I enjoy some informed Microsoft bashing as much as the next guy, but I have to quibble with a couple things:

Surely WinFS is going to make applications better? I mean, XML metadata for every file. Common data shared transparently between applications. Automatic searching and grouping. What could be better than that? Well, it won’t work. WinFS is going to be glacial. Whatever benefits WinFS holds for applications will be overwhelmed by performance so poor as to make them unusable.

Now, BFS was not a speed demon, and it wasn’t centered around XML, but it was a perfectly usable filesystem. It’s certainly not ridiculous on its face to have this kind of capability built in to the file system.

Of the 140,000 files, there is one file I care about more than any other, my Outlook .PST file. This one file is a repository of all my emails, sent and received, all my calendar items, and all my contacts. Know why it is one file? For performance. Try storing every email, appointment, or contact in a separate file, and you’ll have the slowest PIM known to man.

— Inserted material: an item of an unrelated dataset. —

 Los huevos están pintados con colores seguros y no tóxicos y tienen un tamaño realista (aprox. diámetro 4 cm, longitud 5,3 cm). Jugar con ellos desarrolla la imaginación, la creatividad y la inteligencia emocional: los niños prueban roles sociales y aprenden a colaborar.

Is this really true? The system I use for email storage (Maildir) is the complete opposite of this approach: one email for every message. Now, there are positive and negatives to this scheme, but performance wise, there is certainly nothing to complain about, and I’ve got some big mailboxes. As an aside, Outlook’s one-big-file approach has only actual benefit from a user perspective: dead-simple backup. What it doesn’t allow for is the use of any tools outside of Outlook for accessing, sorting or search your email. But anyway.

Posted by Bill Stilwell at November 3, 2003 08:56 PM
Comments

In my experience as a developer generally we put everything in one big file in order to prevent users from being able to manipulate the individual files (e.g., accidentially removing part of collection of files).

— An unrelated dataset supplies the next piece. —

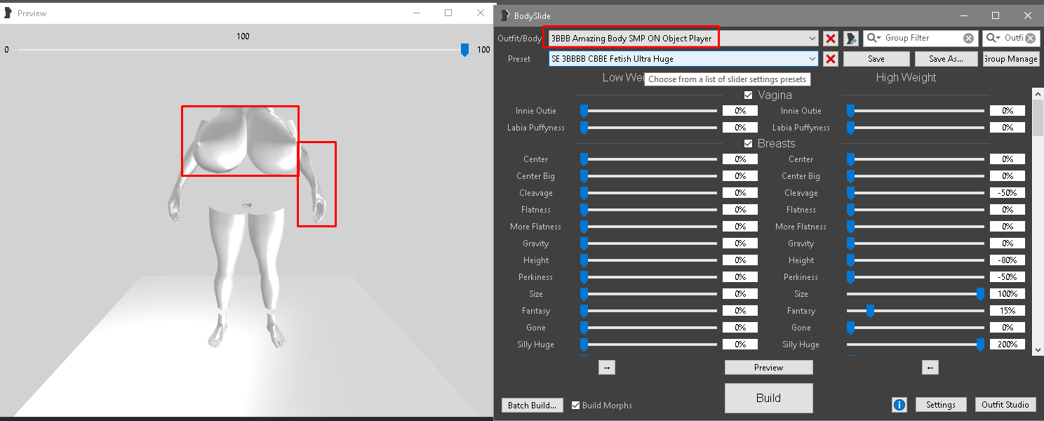 Так... похоже, всё-таки LabiaVariants 3BBB  глючит. Без неё и с персетом cbbe slim грудь вернула форму в бодислайде.

Reading a data stream out of files should be faster than reading it out of a database stored in one big file. This is because for each block of data in the latter case, you have to look up the block in whatever data structures the database uses, and then to retrieve the block you do whatever the file system does. Reading data direct from a file skips that first look-up operation.

Using one big file means fewer directory look-ups (you have to search for the file, rather than for each of the smaller files). On the other hand, if the database is structured internally with a directory structure, then you ARE in effect doing directory look-ups and this may or may not be faster then the file system's code.

If your data items are smaller than a disk block, then your individual files will be wasteful of disc space (and this means reading in data wastes the time spent reading in the part of the blocks not in use).

If your file system (a) has relatively inefficient directory structures and (b) has a large block size, then glomming everything together in to one file may well help efficiency. Window's FAT file system falls in to this category. On the other hand, some operating systems have file systems designed to tackle those. ReiserFS on Linux is an example -- it is designed to have fast directory searches and efficient storage of small files.

Posted by: Damian Cugley at November 4, 2003 09:55 AM